Posted: 18th February 2016 08:20
Have there been any recent regulatory changes or interesting developments?

One of the more interesting development, in particular in comparison to other jurisdictions in the EU such as the UK or the Netherlands, is the specific focus of the Federal Cartel Office (Bundeskartellamt) on restrictions of internet (online) trade. The Federal Cartel Office has launched proceedings against suppliers of consumer goods, in particular sportswear or kitchen appliances, for discrimination of online trade in distribution networks, including selective distribution systems, as opposed to stationary offline trade. The vehicle used by the Federal Cartel Office for this purpose is not Art. 102 TFEU respectively the German equivalent of but any restriction of online trade is considered as a core restriction in the sense of Art. 4 lit. b) of the Block Exemption Regulation for vertical contracts (Regulation No. 330/2010).

Can you talk us through the current competition and antitrust landscape in your jurisdiction?

There is a continued focus in the activities of the Federal Cartel Office against any restrictions of online trade, in particular against the prohibition to distributors to use standard online platforms such as Amazon or eBay. Furthermore, there is a continued focus on limiting the demand power of the German food retail chains. As far as public enforcement against cartels is concerned, the tendency is clearly to settlements between the Federal Cartel Office and the cartelists.

Within the European Competition Network, the focus of the activities in Germany will lie in the restriction of power and influence of platforms such as Google or similar organizations.
The law maker is focused on transposing the cartel damages directive into German law which is a challenge since henceforth German law has an understanding of “undertaking” which is different from that under European law.

“Platform” regulation has received considerable interest of late following a number of EU Member States (notably Germany and France) expressing their frustration at how competition law would not be enough to tackle certain issues. In your opinion, is the current competition law sufficient to address the challenges raised by platforms?

The Google proceedings with the EU Commission in Brussels shows that competition law is apt to tackle most of the challenges which are raised by platforms. However, the challenges raised by such platforms are not only of a competitive, nor even only of an economic nature and have to be tackled also by other areas of the law. With respect to competition law, basic questions such as market delineation still have to be answered with respect to the activities of such platforms. In any event, from my perspective, any activities of competition authorities have to be complemented by consumer protection regulations as well as data protection.

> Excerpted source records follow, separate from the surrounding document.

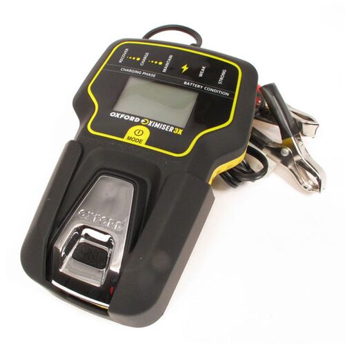 The Oxford Oximiser 3X has been completely redesigned and tested in the UK using top quality long life components. A soft-start charging mode improves recovery of deeply discharged batteries as low as 8 volts. Intelligent charging will cycle-charge in an attempt to recover sulphated batteries. Suitable for all 12V automotive batteries including LITHIUM LiFePO4 motorcycle batteries. New voltage sensors quickly detect high current drain and will automatically revert to the most appropriate charge rate. Fast and efficient charging in all modes keeps charge times short and reduces main power consumption. Soft touch rubberised case for improved grip and ruggedness. Up to 3.6Amps charging power for batteries up to 125Ah capacity. Three charging mode power options and induction cooling.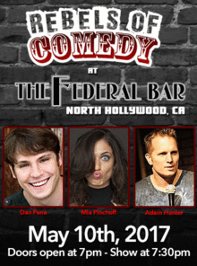 It's Rebels of Comedy at the Federal Bar in North Hollywood. Come out and see a night of live comedy, featuring an awesome lineup of professional features and headliner comedians. With Dan Pena, Mia Pinchoff, and Adam Hunter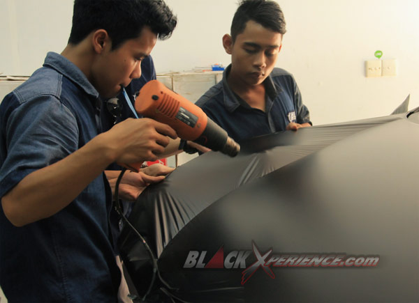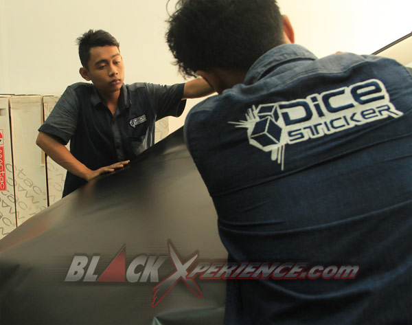 Teknik menempel kering tanpa bantuan air dipilih Rendy untuk membungkus seluruh eksterior mobil Toyota Innova-nya. Rendy memilih teknik tersebut dengan alasan lebih menghemat soal waktu selain daya reaktnya lebih tahan lama.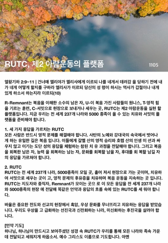 R-Remnant는 복음을 이해한 소수의 남은 자, U-이 복음 가진 사람들의 원니스, T-영적 힘을 기르는 훈련, C-서밋으로 현장으로 보내거나 세우는 곳, RUTC는 제2 아람운동을 실현할 플랫폼입니다. 지금 우리는 전 세계 237개 나라와 5000 종족이 올 수 있는 치유와 서밋의 플랫폼을 준비해야 합니다.
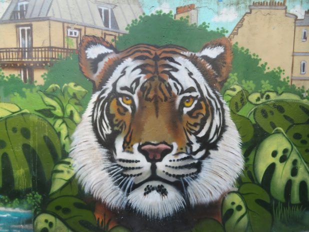 Beau visage d’un tigre, dans le square Léon, quartier de la Goutte d’Or, 18e.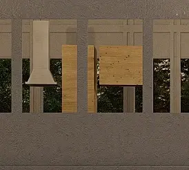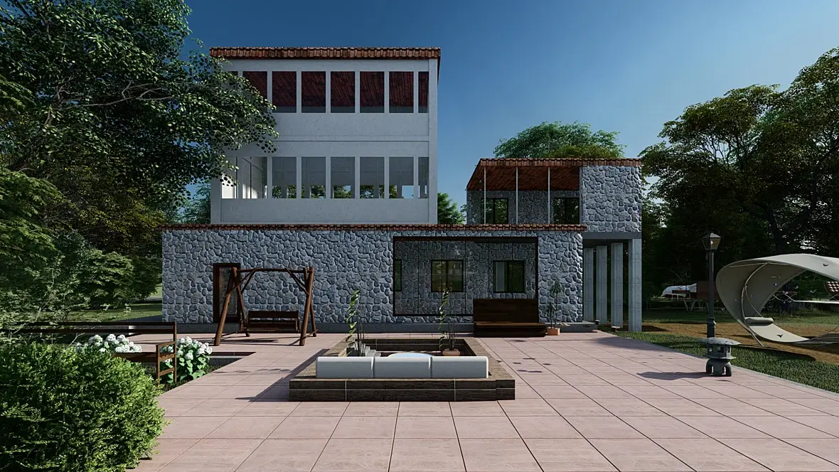 3 рендер: Практически по центру, стена протыкает черепицу. На внешних гранях стены из камней сами камни срезаны, нет ощущения, что это единая конструкция.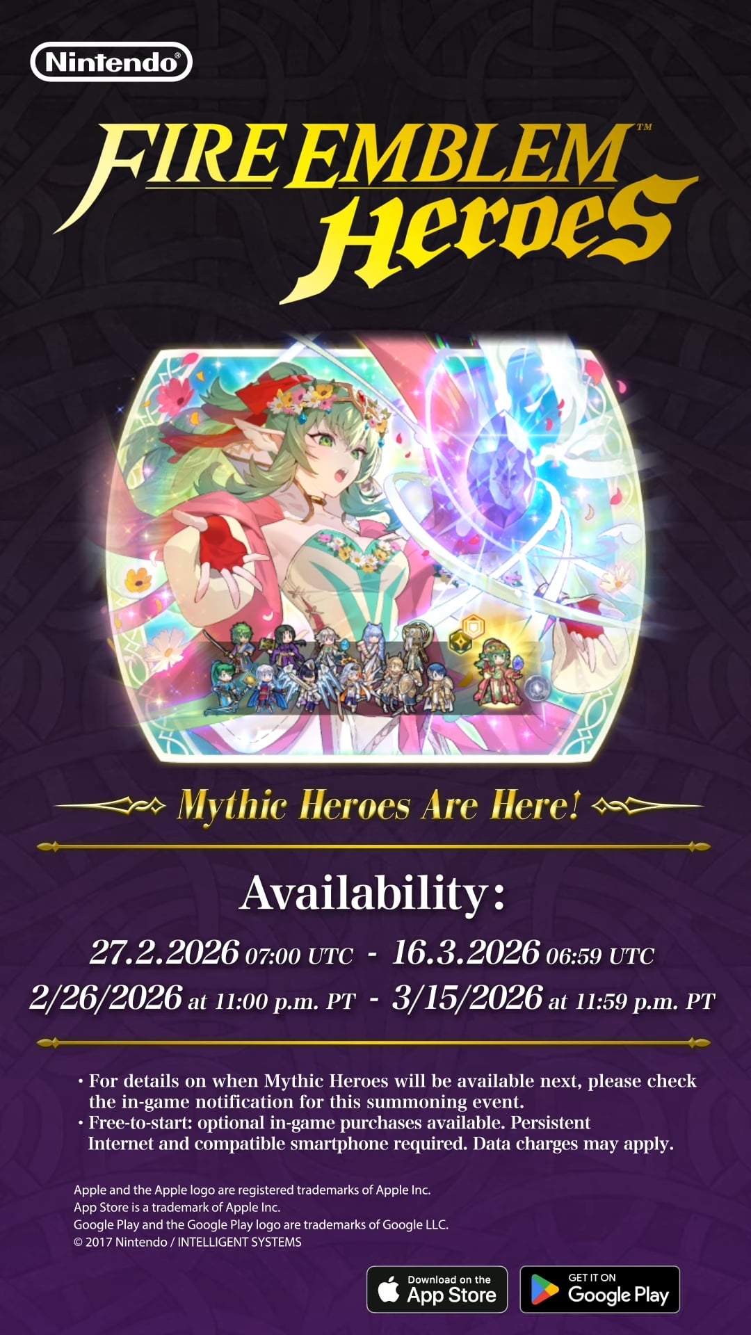 Nintendo et IntelligentSystems ont lancé un nouvel événement d’invocation de héros légendaires et mythiques pour Fire Emblem Heroes, ajoutant une version mythique de Tiki (unité cuirassée, souffle gris, effet mythique : lumière) de Fire Emblem : Awakening. Le focus où il est possible de l’invoquer pour la première fois est disponible jusqu’au 16 mars à 07:59. Il est bien sûr accompagné de sa bataille mythique.

How has the appointment of Margrethe Vestager as the EU Antitrust Commissioner shifted the current landscape?

The appointment of Ms. Vestager has shifted the landscape insofar as the EU Commission appears to be more active also in more day-to-day issues. This is essentially reflected in the sector inquiry on online trade. Further, it appears that the approach taken by the Commission is to a certain extent more thorough and more matter of fact.

What considerations do companies need to make to avoid abuse of dominance?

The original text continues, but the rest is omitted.